"Ladies first!"

Time comes to a halt. I can hear the waves crashing on the beach, the flapping wings of the hummingbirds. Impossible, of course, but I hear them nonetheless. To my right stands my neighbor, Gia, fidgeting, and to my left, a vaguely familiar girl whose face I recall from the school halls.

Gia has more reason to be nervous than I do. Despite the fact we only have talked once or twice, I know she took tesserae many times, and though I can't be certain of exactly how many, it's rather safe to assume she has at least twenty or so slips with her name written on them, whereas I have ten.

Our district has plenty of Careers to volunteer — as we call those who train for the Games — but there isn't any rules in place to reduce the number of candidates. The Capitol left the matter to our hands, so we came up with an unofficial agreement: in odd years, just before the reaping, the eldest victor alive (until this day still our very first, Margot Seannery) handpicks the most promising boy and girl from the Training Academy to volunteer. In even years, however, volunteering would be forbidden, and oh, may the odds be ever in your favor. Anyone who attempts to take the rightful place of a Career by volunteering too, forcing the Capitol to dust off some protocols, is to be left on their own in the arena, disgraced and with no gifts from sponsors or precious advices, as well as anyone who volunteers in even years. This "arrangement" is working very well so far, bringing some resemblance of order (and fairness, since training isn't what you'd describe as perfectly legal), keeping hundreds of delusional kids from dying and giving them time to prepare properly.

Even years are dreadful to us, the few who don't nurture any desire to die a horrible death and kill innocent children, but also dreadful to Careers, who are obliged to wait, ready or not to dive into the Games. In the course of fifty years, only once since established an arrogant kid decided to defy this agreement: a boy named Dwight, thirsty for blood, refused to wait, and paid the price of his impatience by dying after three days in the arena, abandoned by his district and allies, stripped of honor and then thirsty for nothing but water.

District 4's escort, Lola Lane, puts her hand inside the glass ball, her fingers messing around with some slips, as if she's savoring the moment. I wonder if she interprets that mere gesture as toying with children's lives because the grin on her face is abnormal, sadistic even. Yes, Ladies and Gentlemen, The Seventieth Hunger Games has arrived!

Lane grabbed a slip. Her eyes, the color of a deep artificial hue of purple, brightens at the sight of the name, as if she knows whoever is about to be reaped and took great pleasure in it. The audience's breath is hanging in anticipation, and even Seannery and Odair, our district mentors, are leaning in from their seats. "Annie Cresta!" She announces.

I was five years old when I learned how to swim; no one taught me, I had no one to. I managed to learn by mimicking other swimmers who'd come by the beach. It turns out that it was quite a good method, for in less than two weeks I could swim backwards and hold my breath underwater for almost three minutes. I felt unstoppable — but a big wave stopped me a couple of days later, when it washed me down, nearly drowning me. I was so scared I couldn't approach the margin for at least a week. All I kept thinking during my "break" from the water was "What a big wave." I have this weird thing where I cling on to dumb facts when I panic. But to be fair, it's all I can do when I have no one else but fish to support me, and it's all I can do now.

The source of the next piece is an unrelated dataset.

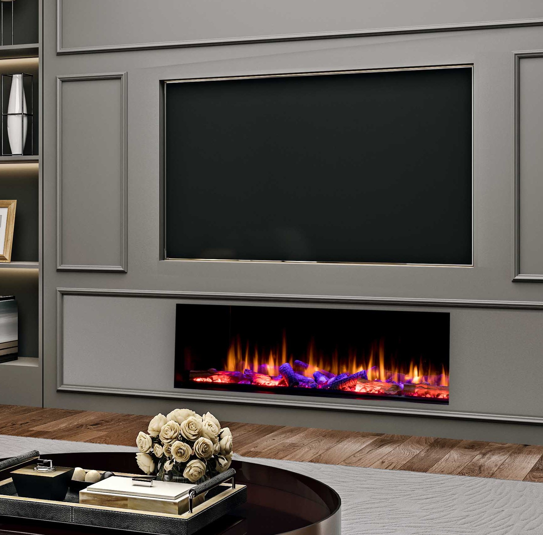 The Iconic range  of contemporary electric fires have been designed to satisfy the most discerning homeowner. Featuring the latest technology and available in four sizes, the options are boundless. The fire comes front facing as standard but can be transformed to a panoramic, left or right corner. The choice of size options in the Iconic range makes it versatile and provides endless possibilities. Choose from the 750, 1000, 1250 or 1600 to create your own bespoke living space. Each fire comes with ultra-realistic hand painted logs and large crystals. Choose from 13 different fuel bed colours to suit your personal style. Enhance the ambience by choosing from 7 different downlighter colours on your handset.
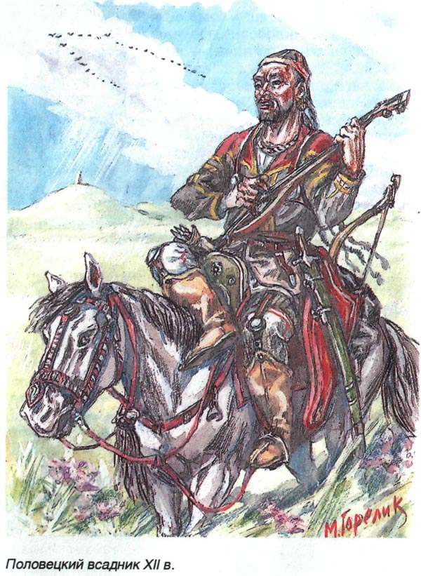 В начале X в. на территорию восточноевропейских степей из-за Уральских гор стали прибывать племена турко-язычных, монголоидных кочевников-кипчаков, именуемых в русских летописях половцами, а в западноевропейских источниках - куманами. В X в. по свидетельству Худуд-ал-Алему кипчаки проникли в Заволжье и расселились севернее кочевий гузов (торков в русских летописях) и печенегов. В начале XI в. половцы двинулись за Волгу и стали приближаться к границам Руси. Общность вторгшихся кипчакских племен была явлением достаточно условным. Половцы не имели единого вождя и представляли собой союз отдельных независимых родов, объединенных общим языком, культурой, обычаями, верованиями и этнической принадлежностью. Воинская обязанность была организована по принципу народ-войско, где не только все мужчины способные носить оружие являлись воинами, но и незамужние девушки. Безусловно, на тот момент существовали рода более могущественные в военно-экономическом отношении. "Худые" кланы старались войти в состав более сильных племен. В процессе объединения нескольких родов под предводительством единого вождя можно было наблюдать процесс формирования родоплеменной общности с поэтапным переходом к военной демократии. Формирование единого родоплеменного союза, его последующая трансформация в единую орду (единый союз племен), а затем и в некое государственное образование так и не было завершено, несмотря на объединение в конце XII в. под властью хана Кончака, а потом его сына Юрия Кончаковича. Произошло это по целому ряду Причин. Изначально большинство кипчакских родов стремилось к доминированию и самостоятельности. А положило конец независимости Половцев в данном регионе вторжение в XIII в. монголо-татарских войск и образование на территориях половецких кочевий Золотой Орды. Помимо этого, со стороны русских князей, принимался ряд мер, направленных на внесение противоречий в среду кочевой знати, с целью не допустить возвышения одного рода либо вождя. Это проявлялось не только в военных походах XII в., но и в поддержке одного половецкого вождя в противостоянии с иными претендентами на гегемонию в пограничном Руси степном мире.

The first thought that crosses my mind is "well, I don't know Lola," because I don't, really, except for her annual appearances for the reaping and the glimpses I've caught of her on television. The second is "and I don't look forward to." It appears I had reason to be nervous, after all.

"Come on up, miss Cresta!" She calls for me, my name, that's my name, tilting her head in an attempt to spot me in the crowd.

Gia let out a sigh of relief, and I can't blame her. She's the only family of a five year old brother. She has to feed him, take care of him. He needed her. No one needed me, and besides, it's not as if we were close friends. We're neighbors. She offers me a sympathetic look, but I find myself being unable to give any gesture in return.

The sea of girls parted so I could make my way to the stage. Careers are known everywhere in the district, and obviously no one recognizes me as one of them; realizing that, pitiful looks pierce through me, a sudden common knowledge that I won't survive hovering over the promenade.

I climb the stairs, welcomed by Lane's scary and broad smile, and I don't want her to touch me. She has this unsettling mean quality about her, as if she's responsible for inventing the Games or, at least, some of the horrors waiting for the tributes in the arena. Her hair is dyed in a soft pink, silky and falling straight on her back, harmonizing with her flamboyant skin-tight magenta dress, adorned with puffy sleeves and shiny gems. I didn't know her, I don't want to know her, and I don't like her. "Alright," she says, touching me regardless as she positions me between the two glass balls. "Any volunteers? No? Let's continue!"

Well, then. This is it. The Seventieth Hunger Games would begin for me soon enough.